Plutarque naît vers 45 après JC. Son œuvre, comme sa vie, fut en quelque sorte placée sous le signe de la mixité, du croisement. Je m'explique. Plutarque est un grec, non de l'époque de la grandeur d'Athènes ou de Sparte, mais du temps de l'hégémonie romaine. Ayant vécu à Rome et étudié à Athènes, maîtrisant le grec et (dans une moindre mesure) le latin, il est comme un point de jonction entre les deux civilisations. Cette dualité se retrouve jusque dans la particularité de son œuvre, puisque les Vies Parallèles se construisent autour de couples de "biographies"; à chaque vie d'un héros grec, Plutarque associe celle d'un héros romain: Démosthène et Cicéron par exemple. Chaque couple de biographies est suivi d'une comparaison des deux vies, destinée à établir lequel des deux héros a été le plus vertueux. Car l'auteur est moins historien que philosophe. Les vies ont pour but certes d'instruire sur l'histoire, mais aussi et surtout de donner aux lecteurs des modèles de vertu.
Mais ces récits nous donnent plus largement à réfléchir sur les actions des hommes et sur l'histoire, car si les actes de vertu sont légion, les passages épiques font souvent place au tragique, tant sont nombreuses les vies qui s'achèvent sur de terribles revers de fortune. Ceux-ci étant le fruit tantôt de l'ambition démesurée des personnages, tantôt de leurs erreurs ou vices (par exemple la témérité de Marcellus), ou encore d'éléments parfaitement extérieurs, l'ouvrage nous donne autant de modèles à imiter que d'exemples à ne pas suivre.
On ne peut que regretter que plusieurs vies aient été perdues, surtout quand on sait que certaines concernaient de très grands personnages (au moins l'un des deux Scipion des guerres puniques par exemple). Mais l'ouvrage (du moins l'édition que nous en avons) comporte tout de même 48 vies, en moyenne de 25 à 35 pages (mais certaines en contiennent plus du double, notamment pour les personnages de l'époque des guerres civiles romaines).

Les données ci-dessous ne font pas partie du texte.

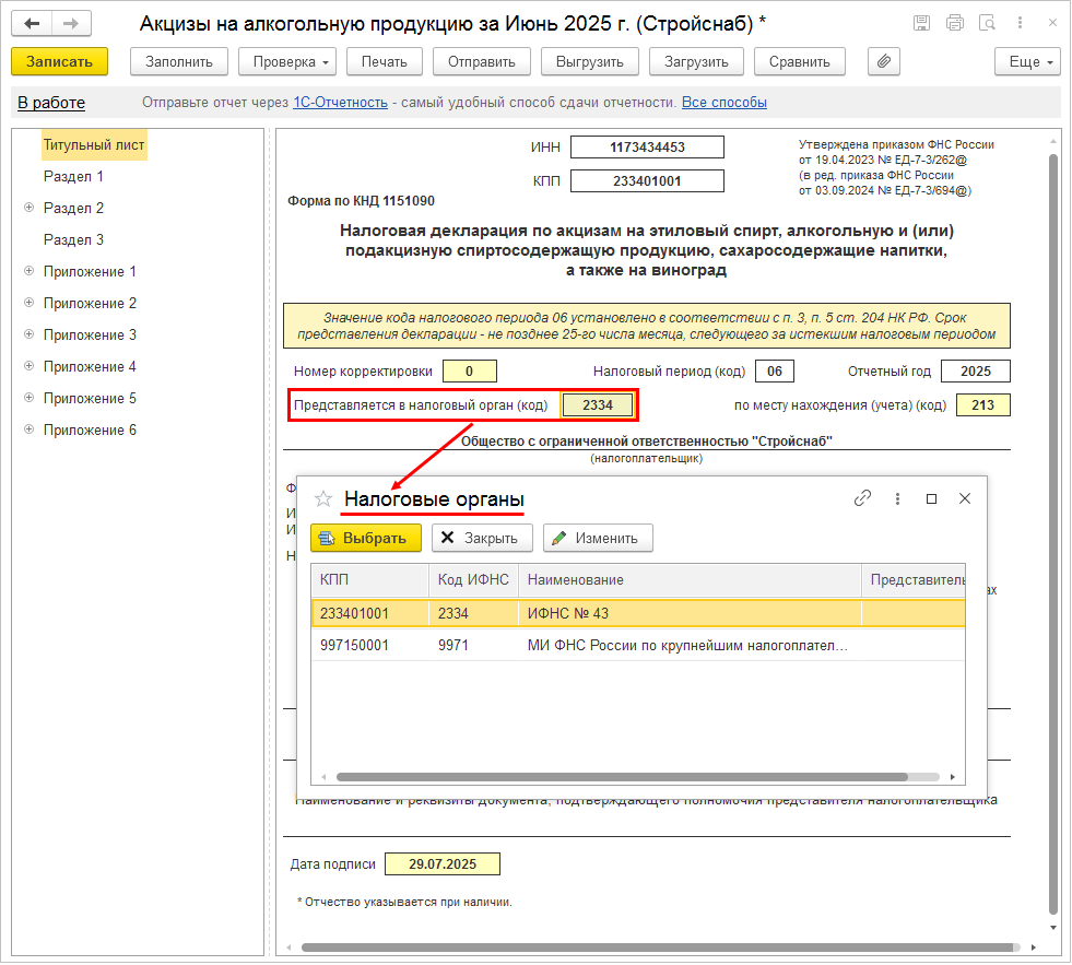 Реквизиты шапки корректировочного уведомления документа будут заполнены по документу основанию. Реквизит Номер корректировки будет равен + 1 от максимального номера корректировки из цепочки документов с таким же первичным уведомлением. Номер корректировки можно исправить вручную.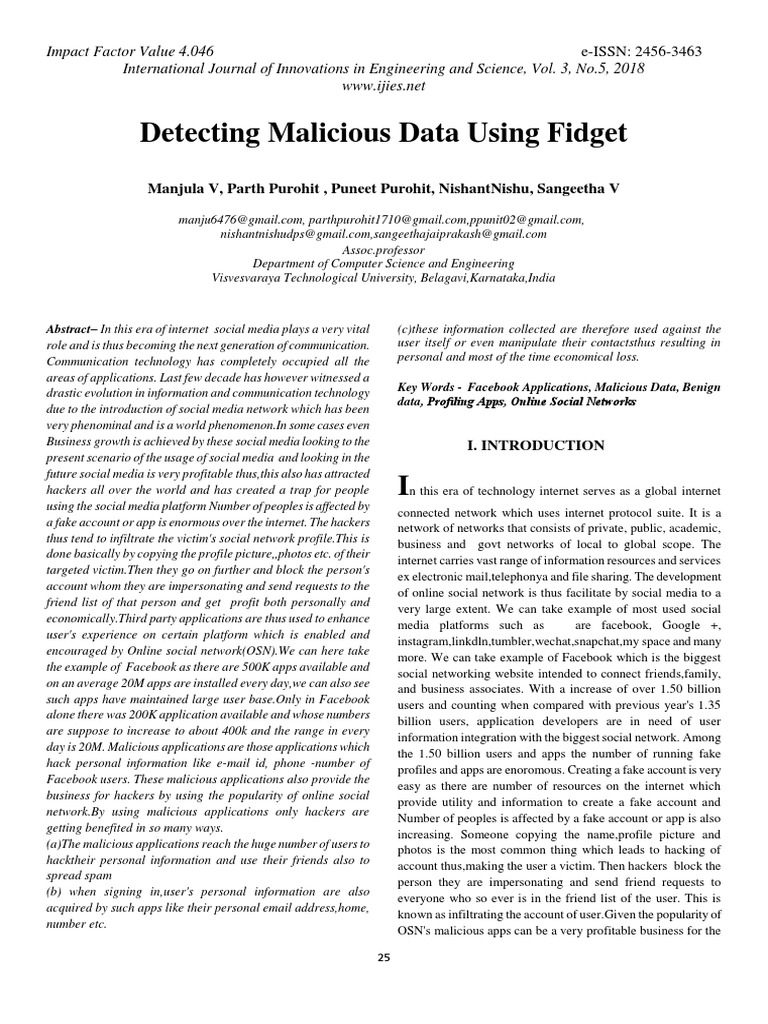 can take the example of Facebook again as Social malware is like SVM, Decision Tree, Naive Bayesian, and International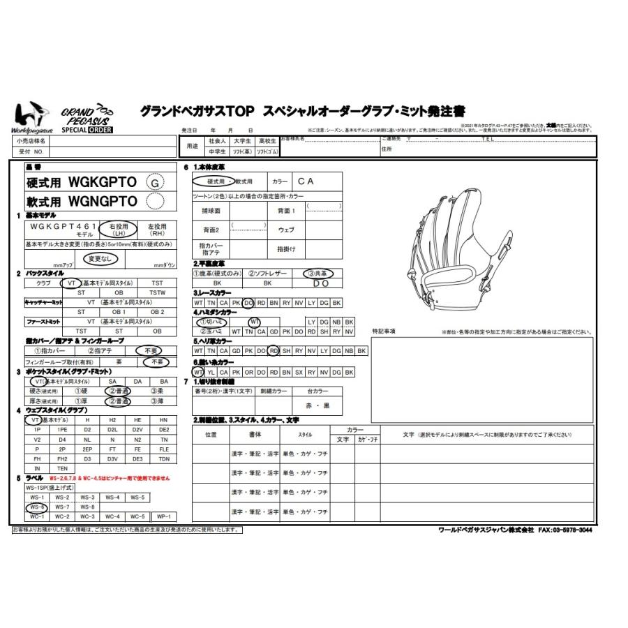 商品情報 ワールドペガサス 軟式オーダーグローブ ミット スペシャルオーダー オーダー方法 ・ワールドペガサスのオーダーグローブシュミレーションを使ってオーダーグローブを作成してください。 ・注文確認後にメールをお送りいたしますので、そちらのメールアドレスに返信する形でシミュレーション時に保存したPDFを添付してお送りください。 (電話対応可能) ・メーカーが定めるオプション等(刺しゅう・カラー追加など)は実費負担となります。 ※プラス料金が発生する場合は代引きにて差額分をご請求させて頂きます。 ・グローブ型付け・湯もみ加工は無料でさせて頂きます。 納期について ・こちらの商品は受注生産となります。納期はメーカー手配後60〜100日の予定です。納期はシーズンや生産状況により前後する場合がございます。ご了承ください。 注意事項 ・受注生産品のため、いかなる場合でもご注文確定後のキャンセル・返品・交換はお受けできません。 ・オーダーグラブの為(代引き・後払い)不可となります。 ・こちらの表示価格はオプションなどを含まない金額となります。オーダー内容にあわせて商品代金を修正いたします。 |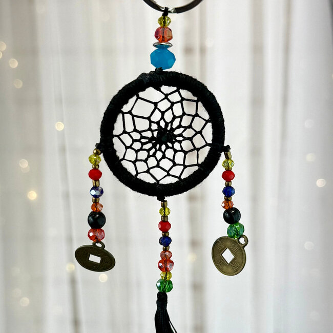 Our Dream Catcher Keychain – Black with Lucky Coins is a powerful symbol of protection and abundance designed to travel with you wherever life takes you. Blending the traditional meaning of a dreamcatcher with the prosperity symbolism of lucky coins, this compact piece serves as both a meaningful accessory and a daily energetic reminder.

Il y a donc de quoi lire, et la lecture des vies parallèles ravira tant les amateurs d'histoire, qui y trouveront, outre un récit succinct des évènements, de précieuses indications sur les rites et institutions (voir par exemple la vie de Lycurgue, riche en détails sur les institutions de Sparte), que les amateurs de philosophies morale et politique. Profitons-en pour ajouter que l'édition Quarto Gallimard (la seule que j'aie pu consulter), est très riche en notes de bas de page et informations complémentaires, qui viennent compléter un récit parfois approximatif, voire inexact.
Nous avons de nombreuses raisons de nous replonger dans ce monument d'écriture qui, plutôt délaissé de nos jours, a longtemps été un ouvrage de référence, notamment au XVIIIe siècle (il suffit de voir ce qu'en a dit Rousseau, ou l'utilisation qu'en a fait Montesquieu).